It is advised to make sure that \file{/dev} is rejected, since preload does
not differentiate device files internally.

\item\confkeydoc{system.exeprefix}{string}{\relax}{\emph{empty}, accept all}

A list of path prefixes that controls which binary executables should be
scanned by preload.  The syntax is exactly the same as
\confkey{system.mapprefix}.

\end{itemize}


\section{Persistent State Storage}

The persistent state of the model is stored in a simple text file that is
normally located at \file{\$prefix/var/lib/preload/preload.state}.  This can
be changed at compile time, or using the \opt{statefile} command line
argument when invoking preload.

The file is read and used to populate the model when preload starts, or if it
does not exist, an empty model is constructed.  It will be saved periodically
as set with the \confkey{autosave} configuration parameter, when preload is
shutting down, or upon receiving the \sig{USR2} signal.


\section{Prefetching}
\label{sec:prefetching}

Preload uses the \syscall{readahead} system call that is specific to the Linux
kernel and supported by the GNU libc implementation.  Most other Unix kernels
provide system calls with similar functionality, so it is rather
straightforward to port preload to other UNIX systems, like the BSDs or
Solaris.  There are an entire family of \emph{advise} system calls that can be
used as a substitute, depending on the implementation: \syscall{madvise},
\syscall{fadvise}, \syscall{posix\_madvise}, and \syscall{posix\_fadvise}.  If
all fails, one can even use the \syscall{read} system call to fetch data into
main memory, this is a bit wasteful however, as it makes the kernel copy the
data into user-space unnecessarily.

One way to improve prefetching performance is to make sure all files to be
prefetched are queued instead of sequentially read, such that the kernel has
more opportunities to avoid seeking around the hard disk.  However, the
\syscall{readahead} system call is implemented as a command and will block the
caller until the request is fulfilled.  The \syscall{posix\_madvise}
implementation specification is more promising with regard to this.  However,
the current implementation in Linux is synchronous, like \syscall{readahead}
\cite{kernelnewbies:riel}.

The Fedora readahead package described in \autoref{subsec:fedora-readahead}
uses a filesystem-specific API to determine the place of the first block of each
file on the disk, and sorts files to be prefetched on the position of their
first block and reads them in that order, supposedly reducing disk access
time.

Since preload tries to be fairly conservative and not affect system balance
in a noticeable way, reading files one at a time is probably acceptable.
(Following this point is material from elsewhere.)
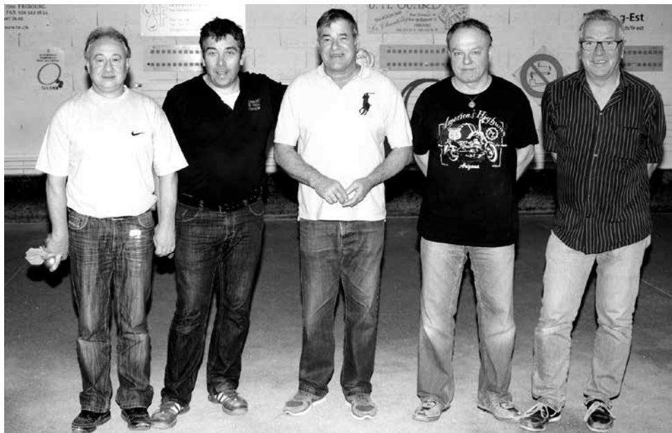
Les finalistes et un président heureux

Note that preload generates prefetching system calls for all the selected maps
even if it prefetched some of them at the previous cycle.  This means, if no
applications are started or shut down, preload generates the exact same system
calls as the previous cycle and if those maps are still in memory, the system
call essentially becomes a no-operation.

We also call \syscall{sched\_yield} after reading every few files to give away
processor volunteerly instead of exhausting our time slice.  This is useful to
keep system responsive as being I/O bound during the prefetching phase,
preload will get elevated priority over other processes.


\section{Resource Consumption}

Preload has a modest memory footprint.  Its main memory consumption is the
model that is kept in memory, and with an uncommonly large setting of 1000 maps and
100 applications, it operates in less than 3MB of memory, the main contender
being the Markov objects that are quadratic in the number of applications, and
take less than 200 bytes.

The process is in the sleep state most of the time, waiting for the next cycle
or blocking on I/O, so the load on the processor is minimal.  At each cycle it
involves scanning \proc\ to gather data and the mathematical computation to
update the model and make predictions.  When the system is in an stable state
(not swapping or under tight memory conditions) and the set
of running applications does not change, preload enters a steady state after
a few cycles and stops making new I/O requests.  This means that it does not
interfere with power-saving activities on laptop systems, like turning the
hard disk drive off.


\section{Running Preload}

When invoked, preload starts running as a background daemon on the system.
It accepts the following command line arguments:
\begin{itemize}

\item\textbf{\opt{help}:}
writes out information about invoking preload and exits.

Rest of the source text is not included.